Photodynamic therapy (PDT) with topical methyl aminolevulinate (Metvix cream, 16%; Photocure ASA, Oslo, Norway) is a safe and effective noninvasive treatment of BCCs that causes minimal damage to surrounding tissue and results in excellent cosmetic outcomes.3 However, PDT is not normally used to treat eyelid lesions owing to the risk of phototoxic eye damage. We describe how PDT can be performed safely in the treatment of eyelid BCC and papilloma in unselected cases.
Conjunctival anesthetic is administered (oxybuprocaine, 0.4%), and an ocular shield is inserted. Infiltration anesthetic (carbocaine, 20%, with adrenalin, 5%) is injected before debulking tumor tissue using a curet. A chalazion clamp may be used to hold the eyelid in a fixed position (Figure, A). Hemostasis is obtained by slight compression, and Metvix is applied to the lesion, including to a 5-mm margin of uninvolved skin (Figure, B).

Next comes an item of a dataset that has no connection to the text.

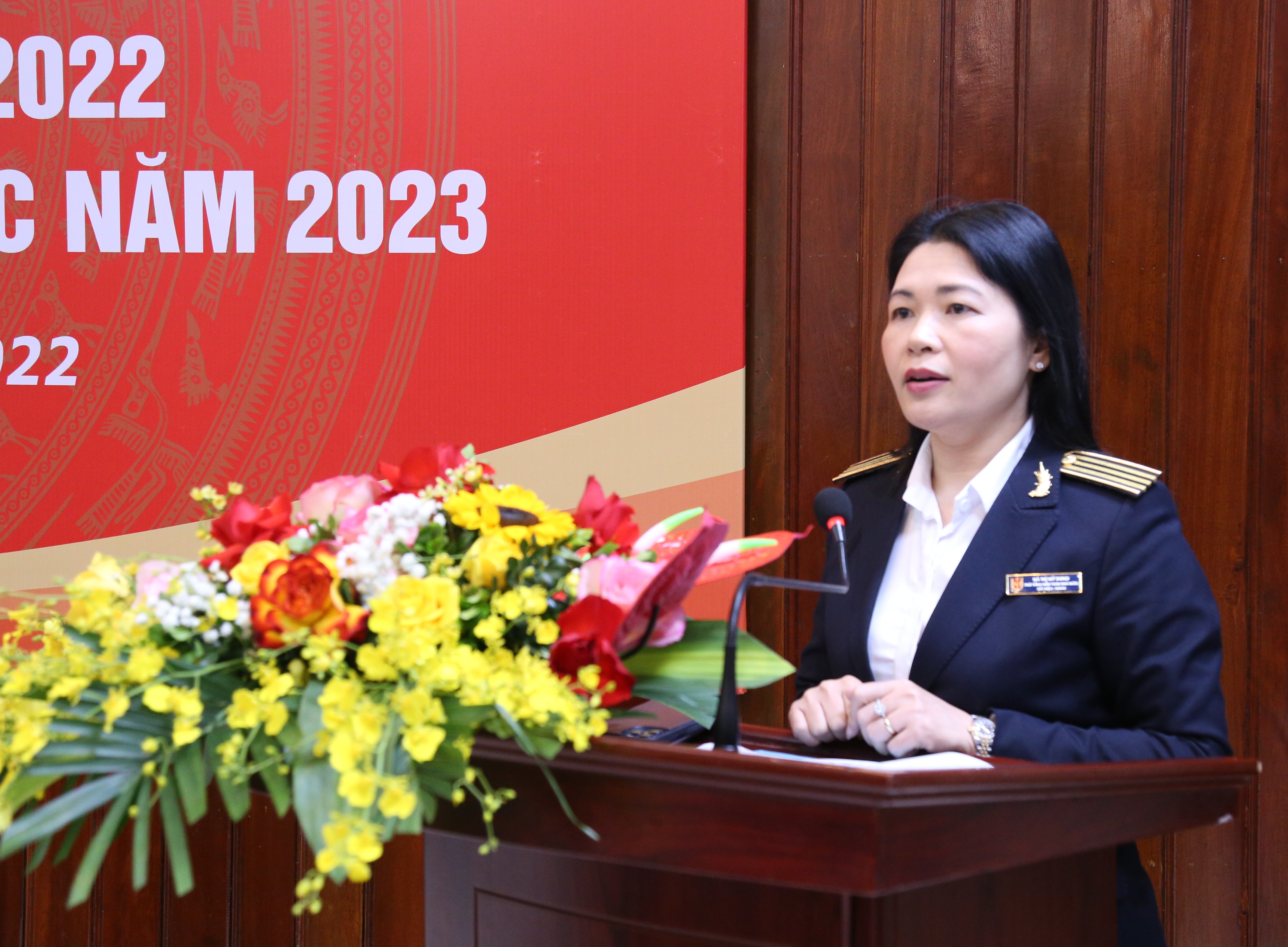 Toàn cảnh Hội nghị Báo cáo kết quả công tác năm 2022, Phó Giám đốc Trường Hà Minh Tuấn cho biết: Đến hết tháng 11/2022, Trường tổ chức thực hiện được 35 lớp đào tạo bồi dưỡng chuyên môn , 07 lớp hướng dẫn sử dụng phần mềm của KTNN và 03 lớp bồi dưỡng kỹ năng sử dụng CNTT, 05 tọa đàm trao đổi kiến thức, 03 lớp tập huấn đề cương kiểm toán, phối hợp với Vụ Hợp tác quốc tế tổ chức 01 Khóa đào tạo chung về kiểm toán hoạt động đối với DNNN trong khuôn khổ hợp tác ba bên giữa KTNN Campuchia – Lào – Việt Nam và 01 lớp cho công chức kiểm toán viên Lào với số lượng trên 2.600 lượt học viên.

Conjunctival tumors are treated by Metvix application on the ocular shield. The eye is covered with adhesive film and a light-impermeable eye patch. The patient rests for 3 hours in a calm environment, avoiding eyeball movements to minimize irritation. Then the tumor area is illuminated with a light-emitting diode lamp (37 J/cm2, 632-nm wavelength) (Aktilite 128; Photocure ASA) (Figure, C).
The ocular shield is removed after illumination and replaced with a protective eye patch for 24 hours to protect from ambient light. Eye drops (chloramphenicol, 5%, and dexamethasone, 1%) are used daily for 3 days to prevent infection and irritation of the eye. After 1 week, crusts are removed, and the procedure is repeated (Figure, D).
We used PDT to treat 12 patients with histologically verified eyelid BCC and papillomas (Table). Median complete response time was 8 months for 9 of the patients (range, 5-21 months), yielding a response rate of 75%. In 3 patients, however, the tumor recurred after a median of 4 months (range, 0-21 months). In all cases, functional and cosmetic outcomes were highly satisfying, and treatment-related pain was acceptable thanks to the anesthesia.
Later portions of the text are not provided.